DATA SECTION:
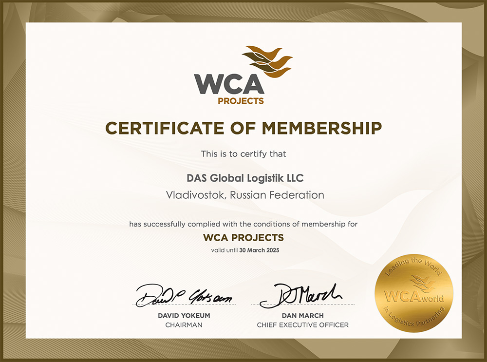 • Сертификат WCA PROJECTS, подтверждающий членство в международной ассоциации WCA PROJECTS по проектным грузам на 2026 г.
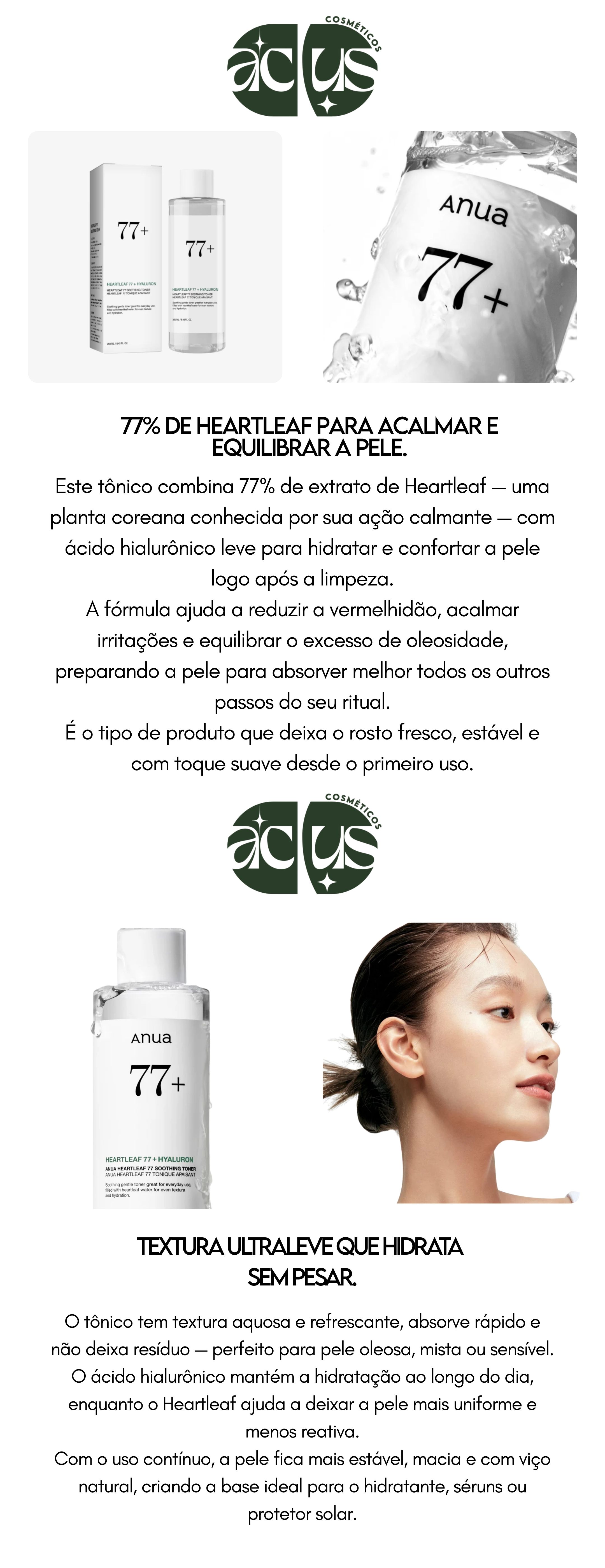 Acalma irritações, reduz vermelhidão e ajuda a equilibrar a oleosidade.
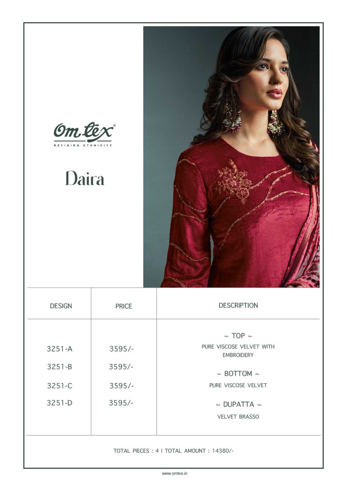 Om Tex Presents Latest Collection Launched on 04-12-2023. Presenting Beautiful collection of 4 PCS with Unstitched .
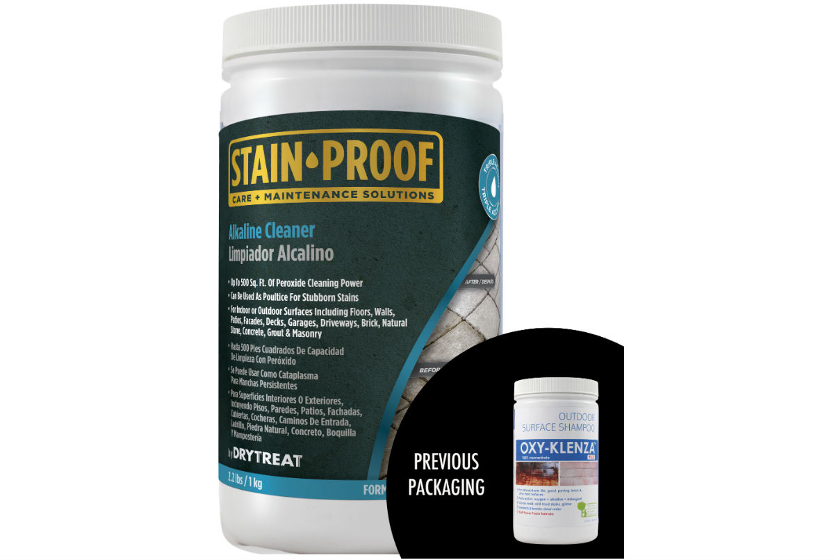 Stain Proof Alkaline Cleaner (Oxy-Klenza) is an odorless, powerful triple action, oxygen, alkaline and detergent boosted heavy duty cleaner for removal of general grime and stains caused by oil / grease, mold, leaf marks, food and beverages. Safe for all natural stone, tile, masonry, concrete, brick, grout, vinyl and raw /unfinished wood. Stain Proof Alkaline Cleane is 100% concentrate, environmentally responsible and safer to use than traditional heavy duty cleaners.

TASK REQUIREMENTS: Write the listing again exactly, duplicating every line and skipping the pictures.

OUTPUT OF THE TASK:
 • Сертификат WCA PROJECTS, подтверждающий членство в международной ассоциации WCA PROJECTS по проектным грузам на 2026 г.
 Acalma irritações, reduz vermelhidão e ajuda a equilibrar a oleosidade.
 Om Tex Presents Latest Collection Launched on 04-12-2023. Presenting Beautiful collection of 4 PCS with Unstitched .
 Stain Proof Alkaline Cleaner (Oxy-Klenza) is an odorless, powerful triple action, oxygen, alkaline and detergent boosted heavy duty cleaner for removal of general grime and stains caused by oil / grease, mold, leaf marks, food and beverages. Safe for all natural stone, tile, masonry, concrete, brick, grout, vinyl and raw /unfinished wood. Stain Proof Alkaline Cleane is 100% concentrate, environmentally responsible and safer to use than traditional heavy duty cleaners.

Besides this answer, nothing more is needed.